A la fin de cette unité d’enseignement, l’étudiant est capable de :

Produire une analyse philosophique des questions normatives que soulèvent la crise et les transformations des institutions et des pratiques démocratiques. 
Conceptualiser et de problématiser de manière critique ces évolutions en s’appuyant sur les théories normatives de la légitimité démocratique, en particulier de la représentation et de la participation, qui les sous-tendent ainsi que sur d’autres apports théoriques pertinents.  
Présenter et d’argumenter une prise de position sur une question normative relative aux pratiques et institutions démocratiques et sur les réponses à y apporter.
 
Eu égard au référentiel d’acquis d’apprentissage (AA) du programme de Master en politique économique et sociale, cette unité d’enseignement contribue au développement et à l’acquisition des AA suivants : 
AA.1. Maîtriser et articuler des savoirs disciplinaires et des modèles théoriques dans le champ social, politique, économique, ou culturel afin d’éclairer les questions du vivre ensemble, de la cohésion et de la justice sociale (1.2.,1.4) 
AA.2. Analyser des situations problématiques concrètes, relatives à des questions économiques et sociales de la société contemporaine, sous différents angles disciplinaires en sciences humaines, élaborer des stratégies d’innovation et de transformation, formuler des propositions de réponses et/ou d’actions concrètes et contextualisées. (2.3, 2.5) 

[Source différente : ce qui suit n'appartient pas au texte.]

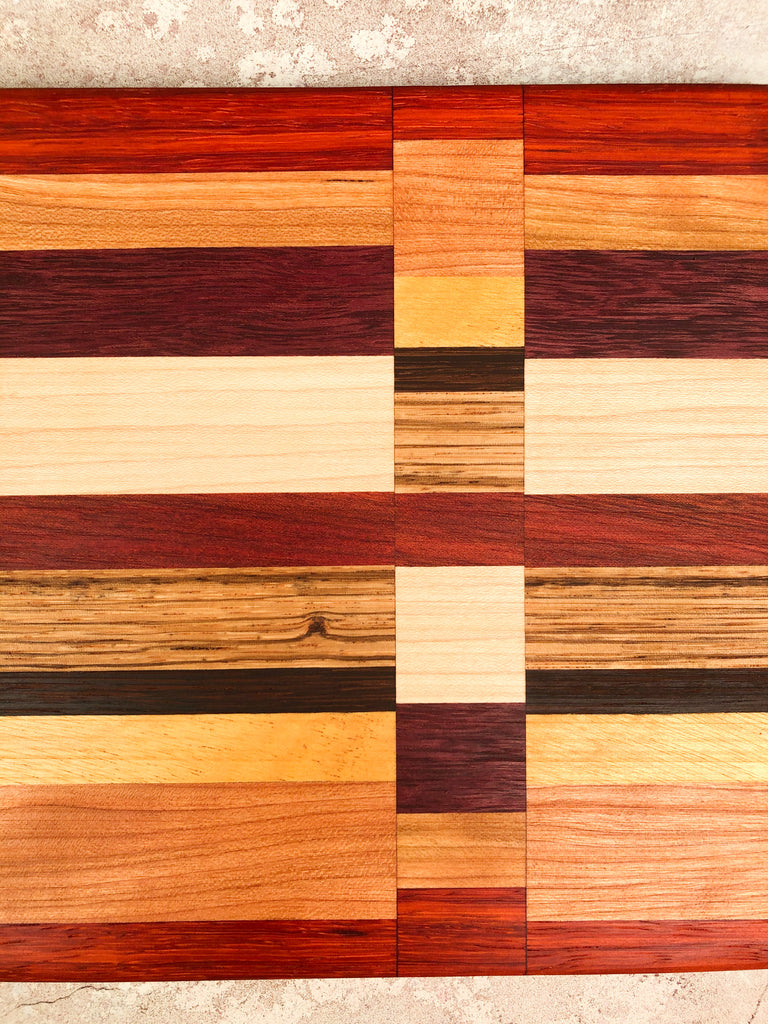 Made from some or all of the following as a primary wood: Hard Maple, Black Walnut, Purple-heart, Cherry, and Padauk; an upwards of 10 additional woods may be used. The depth and vibrancy of color come from the natural characteristics of each wood, and the wood color is natural and have no artificial coloring or staining.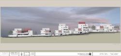 Ahuzat Tamar neighborhood had a triangular plot and a program of around 35 cottages, on a territory too small to contain them. We solved this problem by transferring 10% of the dwelling units permitted by the urban plan to another territory, owned by the same client, and by using a building typology of two dwelling units on one plot; one on top of another, while the roof of the bottom unit is the garden of the top unit.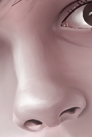 另外,在初稿中,鼻子左邊那條輪廓線是向內凹陷的,在后來的步驟中被改成了向外凸,并且在鼻根部加了一個更加急的凹陷,以體現鼻梁的體積感。從實際上來說,東方人的鼻子比較塌,從面頰突出的程度比不上西方人,所以在畫的時候,東方人的鼻子這里就會是凹陷的,而西方人則會凸出來。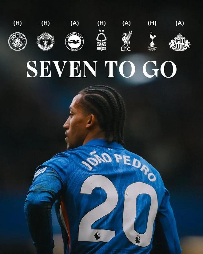 国际比赛日结束,英超将在本周重燃战火,其中欧战资格区的争夺似乎是最为激烈的。今日,切尔西在官方社媒发布了本赛季的剩余赛程,并配文:“还有七场重要的英超较量要踢”。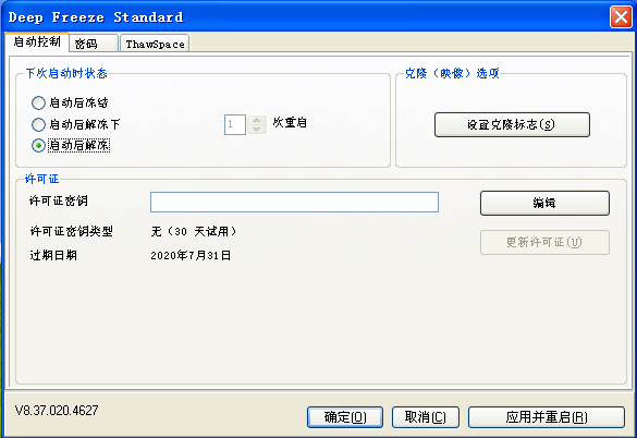 7、当然,如果确需对C盘进行更改,比如安装或删除软件,那么进入到冰点还原精灵主界面,勾选“启动后解冻”,然后点击【确定】或【应用后重启】,之后就可以解除对C盘的保护,更改C盘文件了!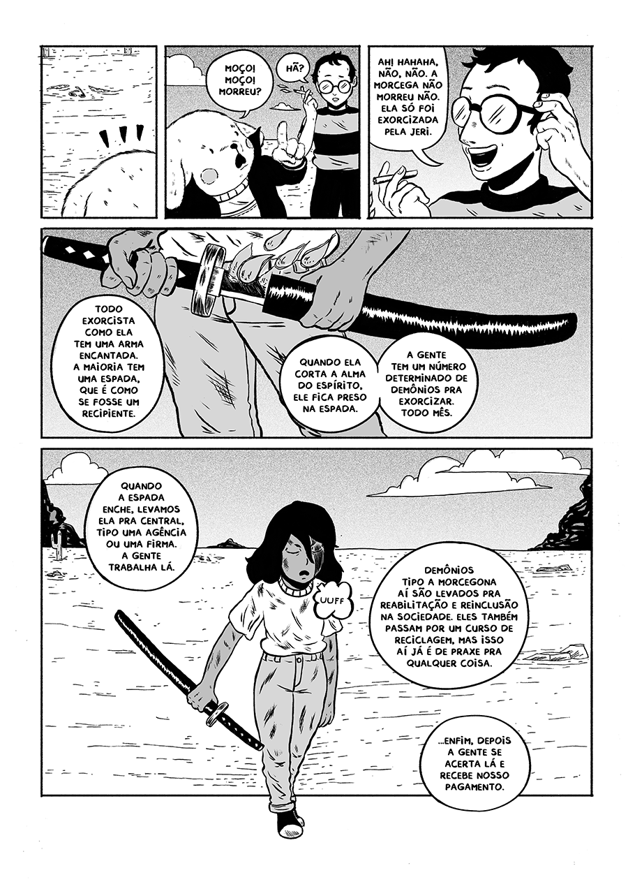 Numa fusão de aperreio e liseira, Jerimum uniu o não tão útil ao desagradável. Virou uma exorcista assalariada e agora ganha a vida expulsando a capirotagem nos quatro cantos do mundo. Junto com Baião, seu parceiro abestaiado, ela vai descer o sarrafo em tudo que é caramunhão para pagar as contas (e a merenda, se sobrar dinheiro).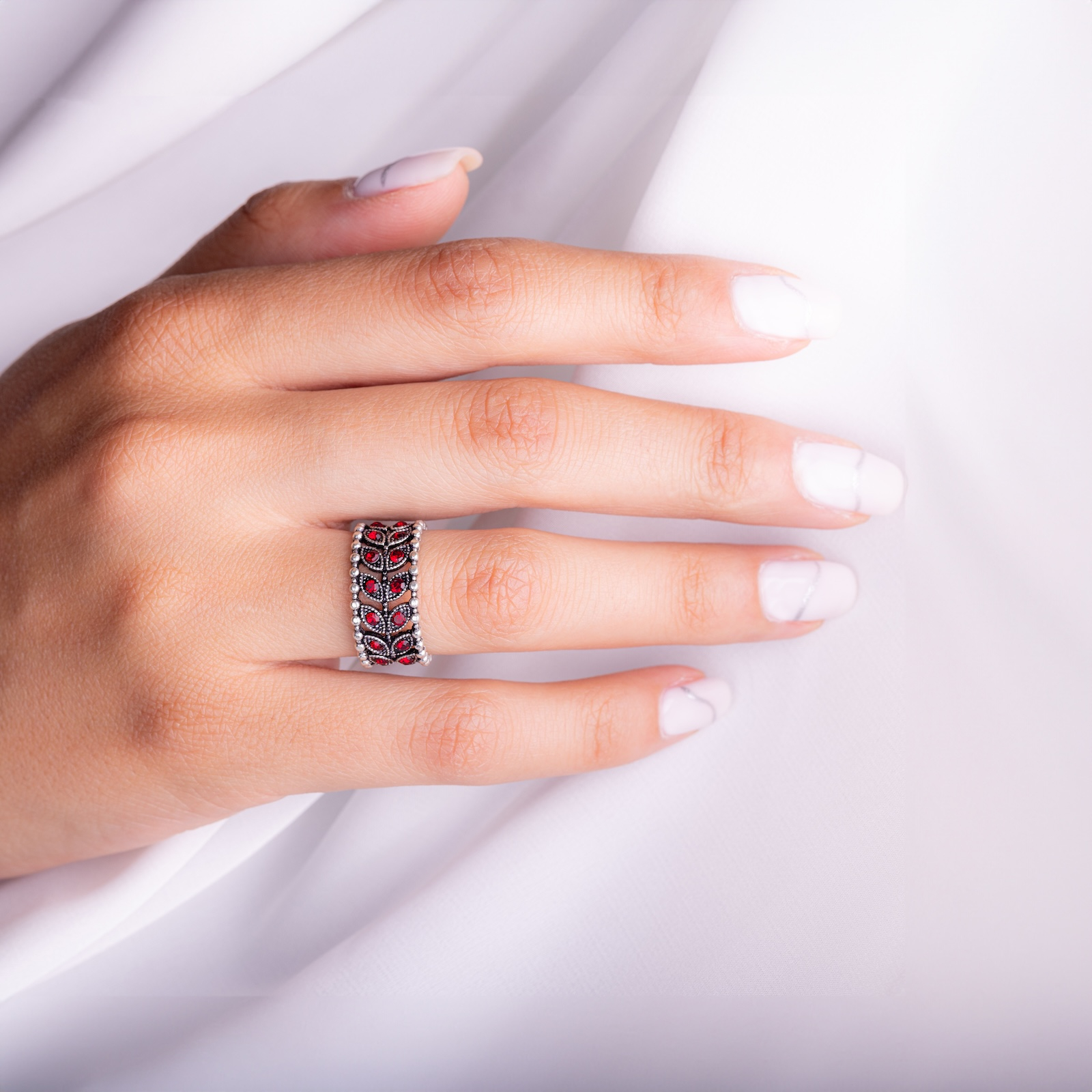 Lore este o colecție de inele care transformă natura în bijuterie sculpturală. Modelul ornamental, inspirat din frunze de tei (Lori sau Loreni în armeană), este lucrat cu migală în argint 925 și decorat cu pietre fine – verde sau roșu, în funcție de energia purtată.

AA. 4. Adopter une posture distanciée et faire preuve de réflexivité en regard de ses propres expériences et en empruntant des angles d’approches différentes pour analyser des problématiques du champ social, politique, économique ou culturel. (4.2) 
AA.5. Anticiper les mutations sociétales dans une perspective d’action et de changement (5.1, 5.4) 
AA.6. Mobiliser des compétences transversales (logique de développement continu, communication, travail en équipe, prise de responsabilité, compétences de transfert) indispensables pour concevoir et conduire avec efficacité des actions dans le champ social, politique, économique, ou culturel ( 6.1, 6.4, 6.8) 
 
Contenu
 Ce cours vise à rendre l’étudiant(e) capable d’analyser une question socio-politique et les discours scientifiques, politiques et sociaux y afférents à l’aide de concepts philosophiques. Au terme du cours, l’étudiant pourra analyser une question sociale ou politique à l’aide d’approches normatives pertinentes.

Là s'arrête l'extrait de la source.